* Required action *
Copy out the entries below exactly as they stand, but only from the line containing "4月1日，支持瓦塔拉的武装人员在阿比让街头驾车前行。" through the line containing "3月31日深夜至4月1日凌晨".

* Input material *

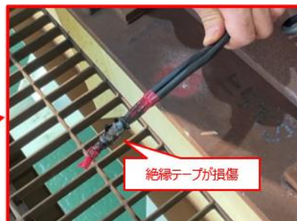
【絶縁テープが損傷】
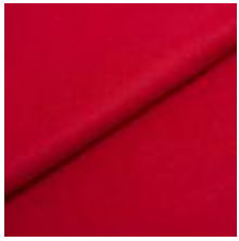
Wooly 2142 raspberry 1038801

...

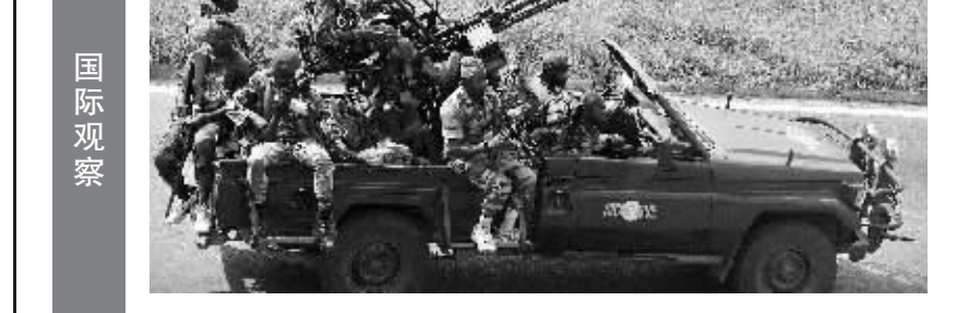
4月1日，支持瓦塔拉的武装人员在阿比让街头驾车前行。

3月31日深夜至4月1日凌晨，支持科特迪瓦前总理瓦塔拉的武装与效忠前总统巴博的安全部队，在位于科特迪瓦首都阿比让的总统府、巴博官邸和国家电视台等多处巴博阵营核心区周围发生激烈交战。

* Answer to this task *
4月1日，支持瓦塔拉的武装人员在阿比让街头驾车前行。

3月31日深夜至4月1日凌晨，支持科特迪瓦前总理瓦塔拉的武装与效忠前总统巴博的安全部队，在位于科特迪瓦首都阿比让的总统府、巴博官邸和国家电视台等多处巴博阵营核心区周围发生激烈交战。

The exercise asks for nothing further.